STORED DATA
☆ ☆ ☆ ☆

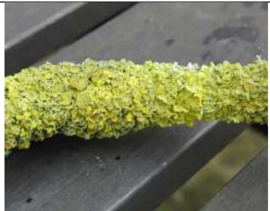
21/01 groot dooiermos Syriësingel Delft. Aukje Gjaltema.
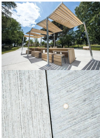
Les « stations vertes » des Sècheries : des aires de repos ou d'animation, dotées de mobilier et desservies par les cheminements en béton balayé.
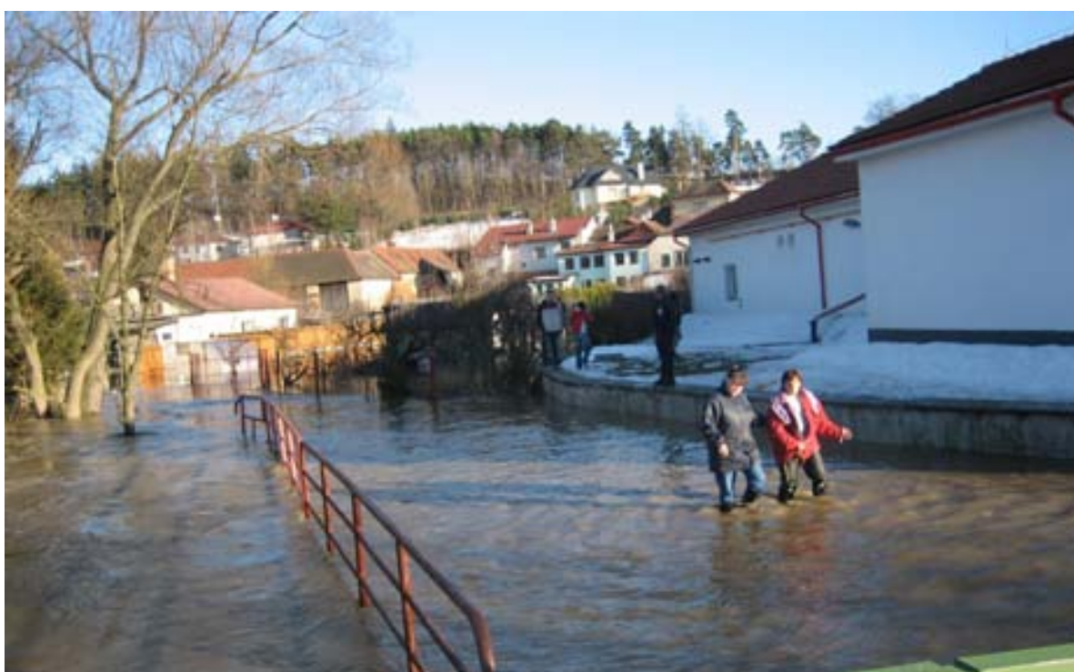
29. 3. 2006, Dačice

☆ ☆ ☆ ☆

PROBLEM STATEMENT
Please write out all the data word for word, but keep every picture out.

TASK ANSWER
21/01 groot dooiermos Syriësingel Delft. Aukje Gjaltema.
Les « stations vertes » des Sècheries : des aires de repos ou d'animation, dotées de mobilier et desservies par les cheminements en béton balayé.
29. 3. 2006, Dačice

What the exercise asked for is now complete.